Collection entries
□ □ □

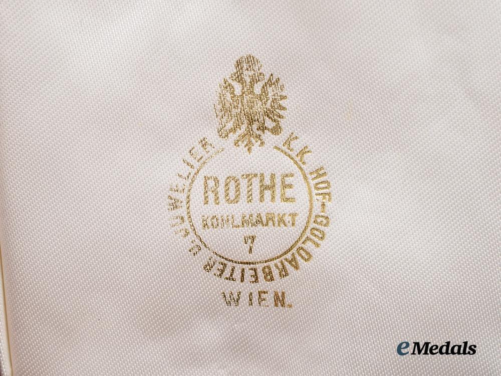 Contained in the original case of issue, a burgundy leatherette exterior with a maltese cross on the lid, the interior lid marked ROTHE denoting manufacturer, black velvet recessed medal bed with ribbon section above, measures 97 mm (w) x 170 mm (h
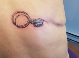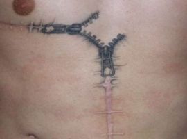 Творчі натури люблять доповнювати тату застібок фразами з пісень і віршів, які їм особливо дорогі, несуть для них певний глибинний сенс. Щоб виділити неприборкану частину своєї особистості, використовуються зображення диких звірів, щоб сказати про волелюбність – ширяючий в небі птах. Варто підкреслити, що хоча з першого погляду, тату здається простим в реалізації, робота над ним є досить трудомісткою. Зображення повинно ідеально підходити за розміром шраму, і бути правильно розташоване, щоб татуювання не виглядало безглуздо.
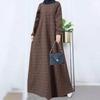 გააუმჯობესეთ თქვენი გარდერობი ამ ქალის ბამბის თეთრეულის პლედის გრძელმკლავიანი მაქსი კაბით, რომელიც შექმნილია ყოველდღიური, თავისუფალი სტილისთვის და იდეალურია როგორც გაზაფხულისთვის, ასევე შემოდგომისთვის.. დამზადებული ბამბისა და სელის სუნთქვადი ნაზავისგან, ეს კაბა გთავაზობთ კომფორტსა და სტილს, რაც მას იდეალურ არჩევანს ხდის სხვადასხვა შემთხვევებისთვის.. კუბოკრული პრინტი კლასიკური ელეგანტურობის ელფერს მატებს, ხოლო გრძელი სახელოები და მაქსი სიგრძე მოკრძალებულ, მაგრამ მოდურ იერს ქმნის.. იქნება ეს მეგობრებთან ერთად გასეირნება თუ სახლში დასვენება, ეს კაბა დაგეხმარებათ, რომ ყოველგვარი ძალისხმევის გარეშე გამოიყურებოდეთ ელეგანტურად.
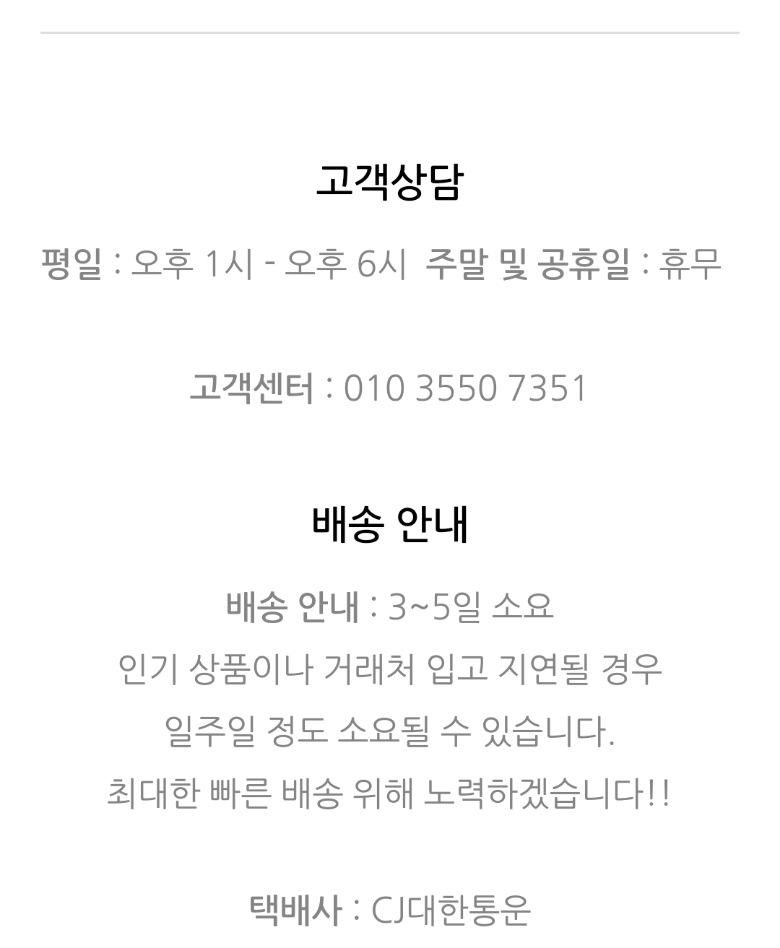 | 배송기간 | ㆍ도서산간 지역 등은 배송에 3-5일이 더 소요될 수 있습니다. - 천재지변, 물량 수급 변동 등 예외적인 사유 발생 시, 다소 지연될 수 있는 점 양해 부탁드립니다. | ||
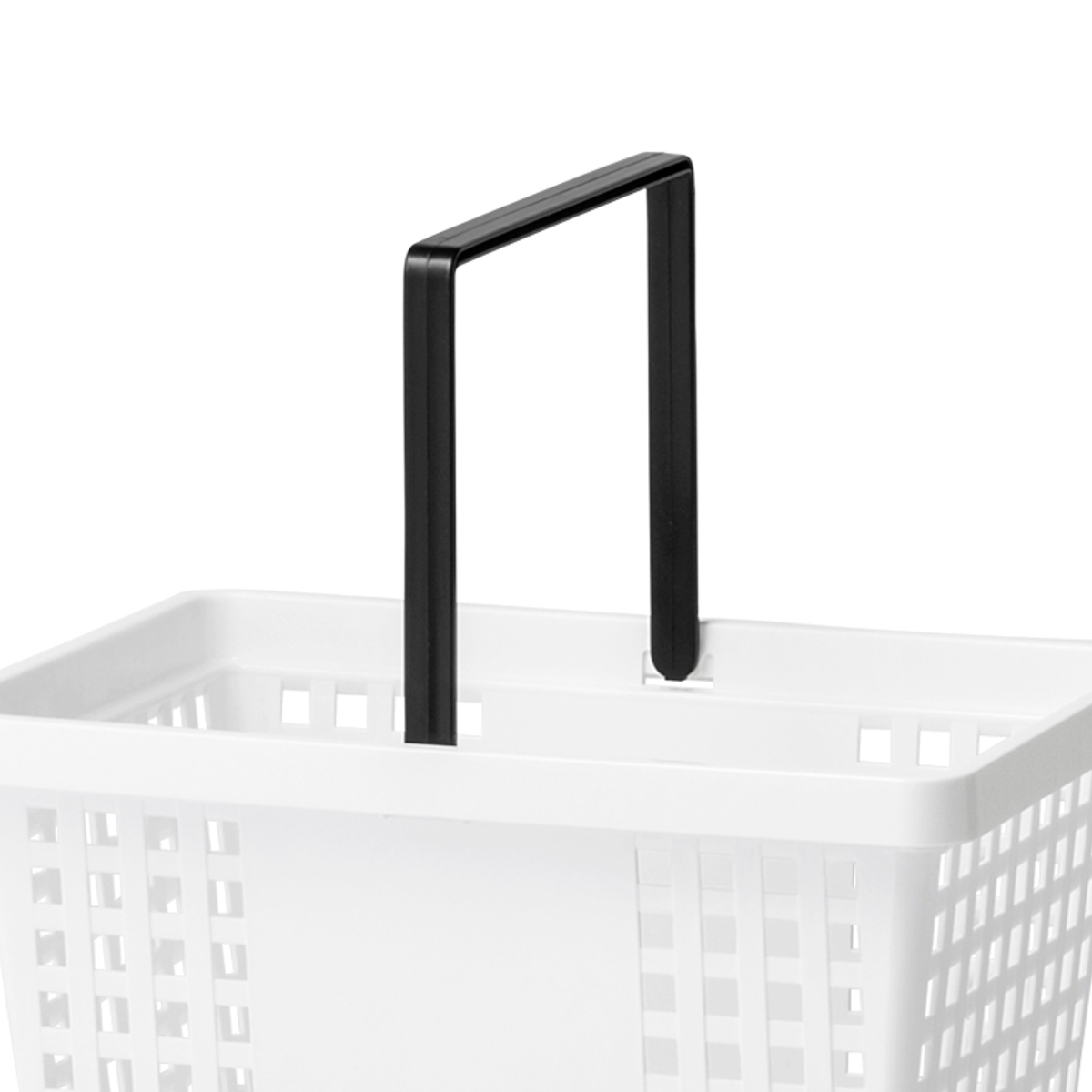 バスケットには大きめのハンドルが付いており、耐荷重は約10kgと丈夫。高さのある物を立てて収納してもハンドルが干渉しないので、使い勝手が抜群です。 また、ハンドルは倒すとバスケット内にきれいに収まるため、使わない時でも見た目がスッキリ。お部屋に置いたままでも生活感を抑えて、スマートに使えます。
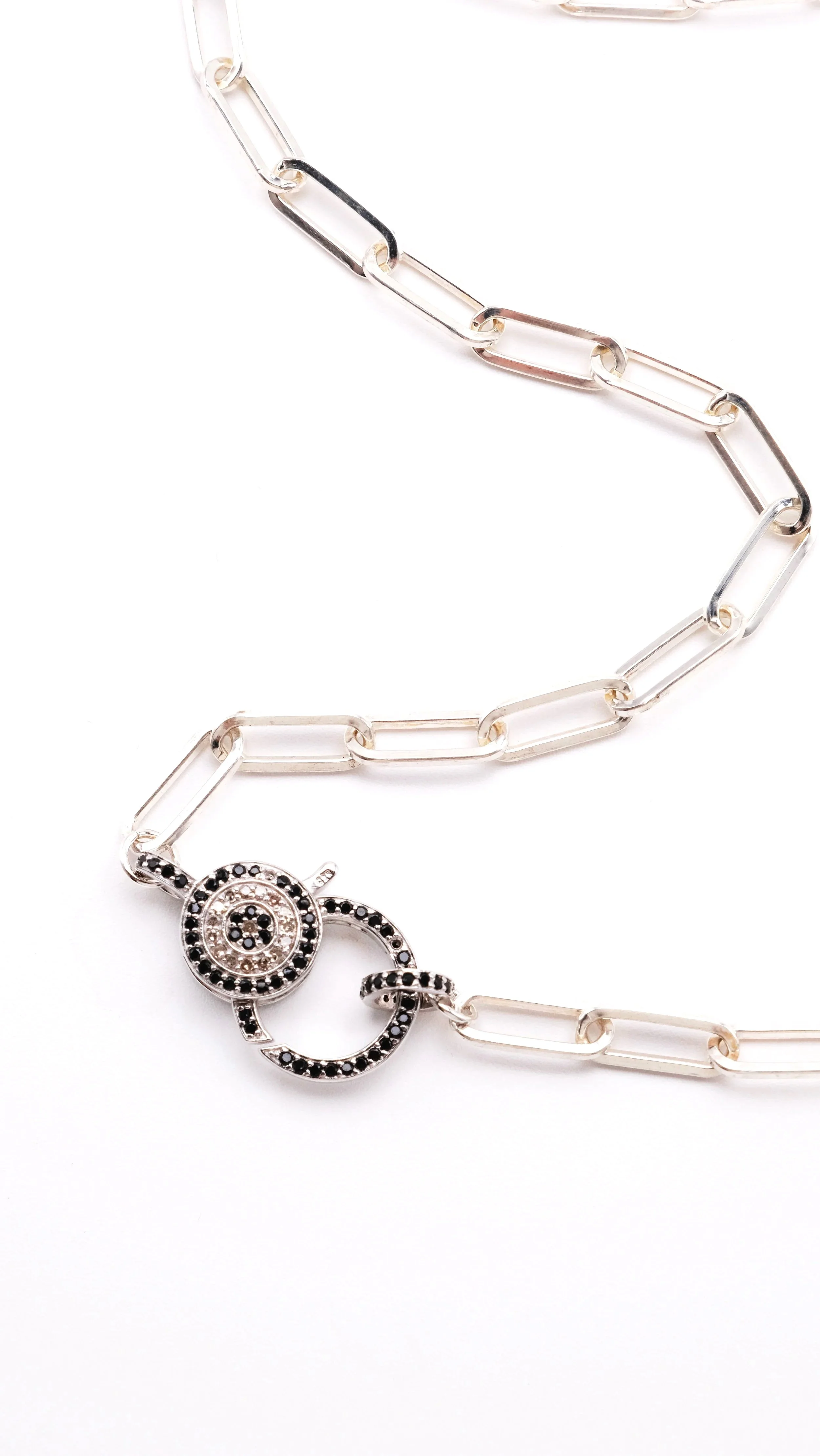 Our gorgeous sterling paper clip chain ends in sparkly diamonds and black spinel!
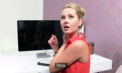Black Audition sofa is ready to accept the new skinny blonde pornstar
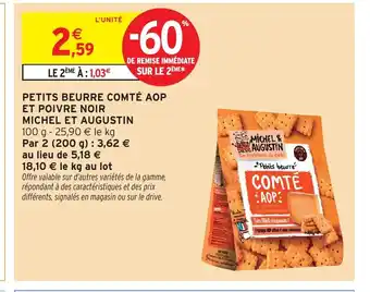 Actuellement en offre chez Intermarché Hyper : MICHEL ET AUGUSTIN Petits beurre comté aop et poivre noir ✅ Valable du 3-03 au 15-03.
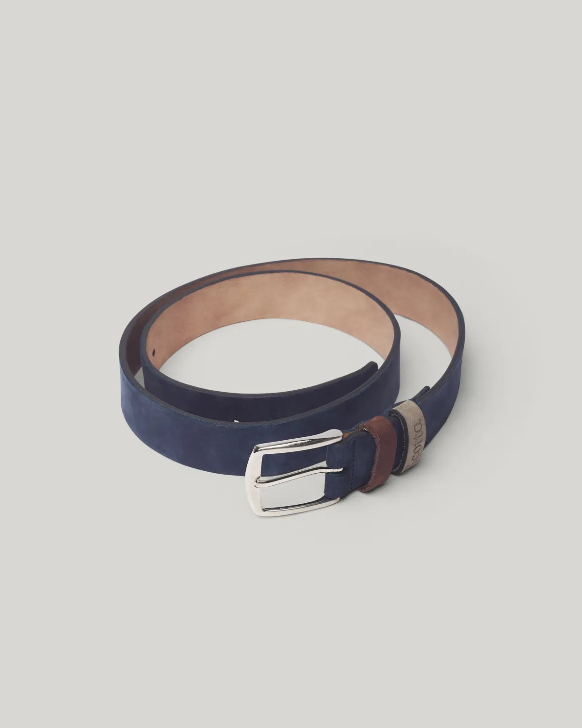 Cinto de couro azul marinho. Fabricado em couro. Fecho com fivela metálica. Presilha personalizada. Logótipo gravado.
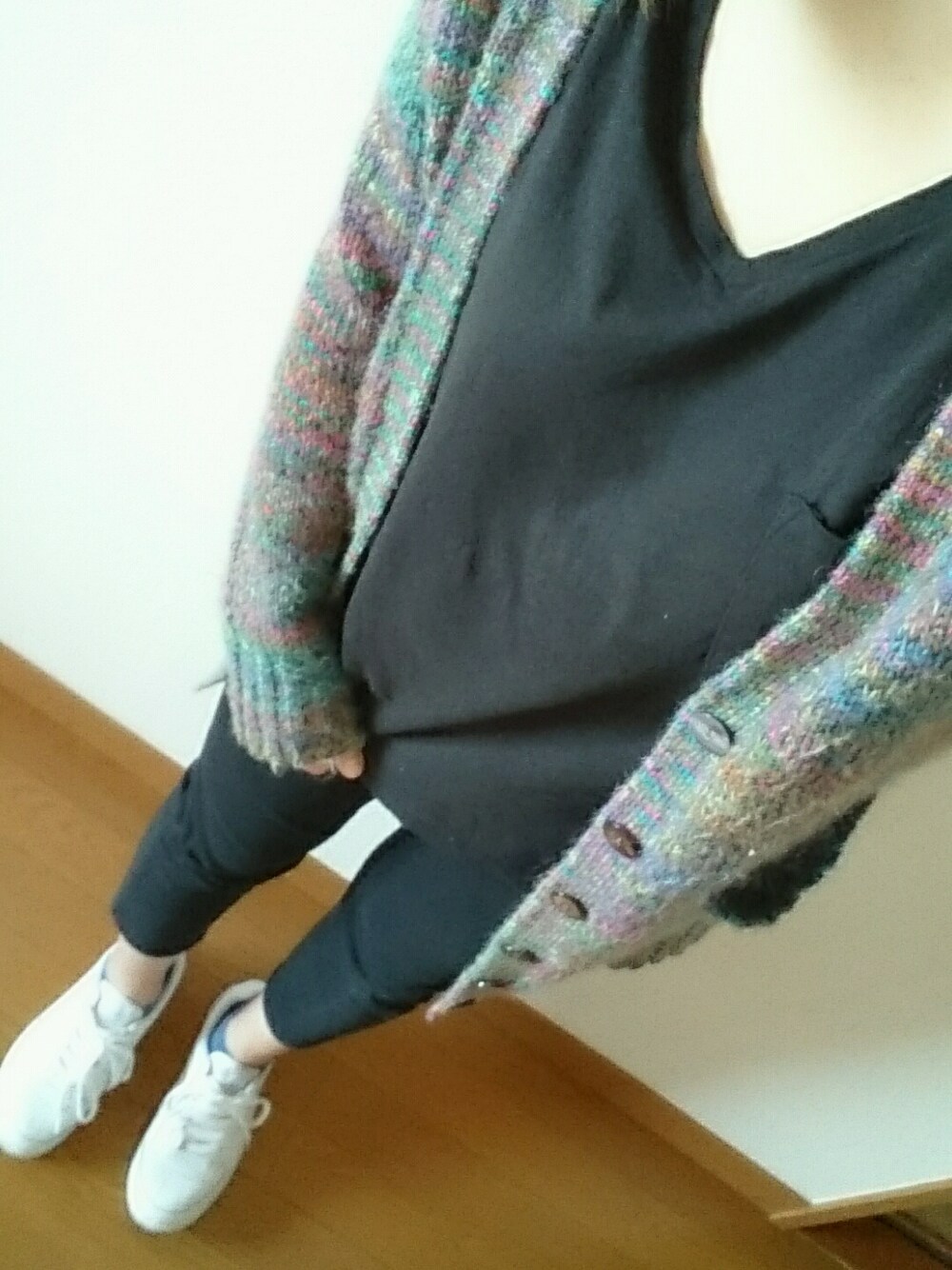 いつも通り ブラックをベースに 3年ものカラフルニットカーディガンと vansの白スニーカー。 年齢的にこのカーディガン そろそろ厳しいかしら…。
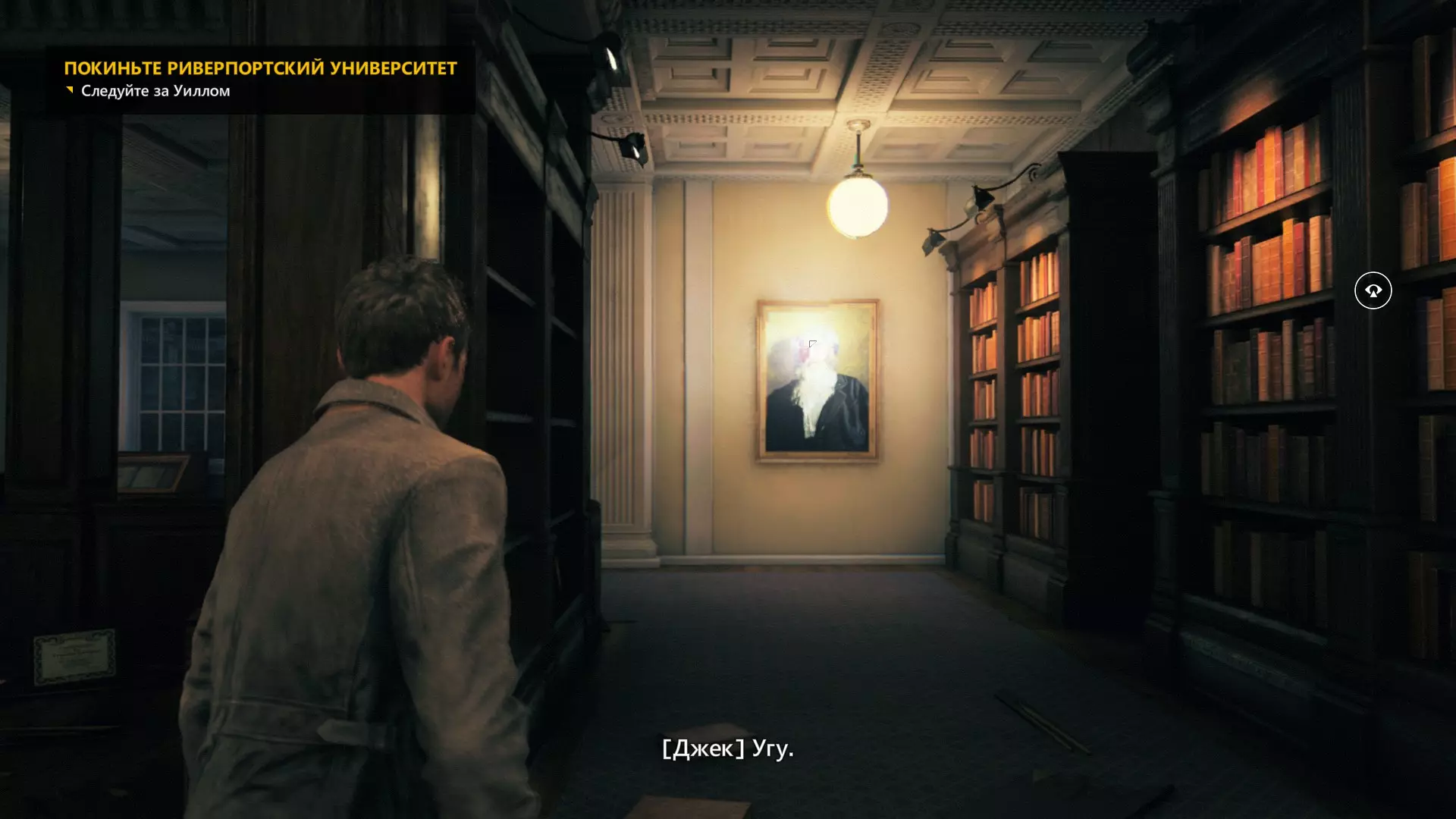 回到我们获得移动能力的阅览室,前往房间的右下角,对着画中留胡子男人的画作开启洞察力。

□ □ □

Could you repeat exactly the lines from the one containing "Cinto de couro" through the last line of the records, both included, without the pictures?

 Cinto de couro azul marinho. Fabricado em couro. Fecho com fivela metálica. Presilha personalizada. Logótipo gravado.
 いつも通り ブラックをベースに 3年ものカラフルニットカーディガンと vansの白スニーカー。 年齢的にこのカーディガン そろそろ厳しいかしら…。
 回到我们获得移动能力的阅览室,前往房间的右下角,对着画中留胡子男人的画作开启洞察力。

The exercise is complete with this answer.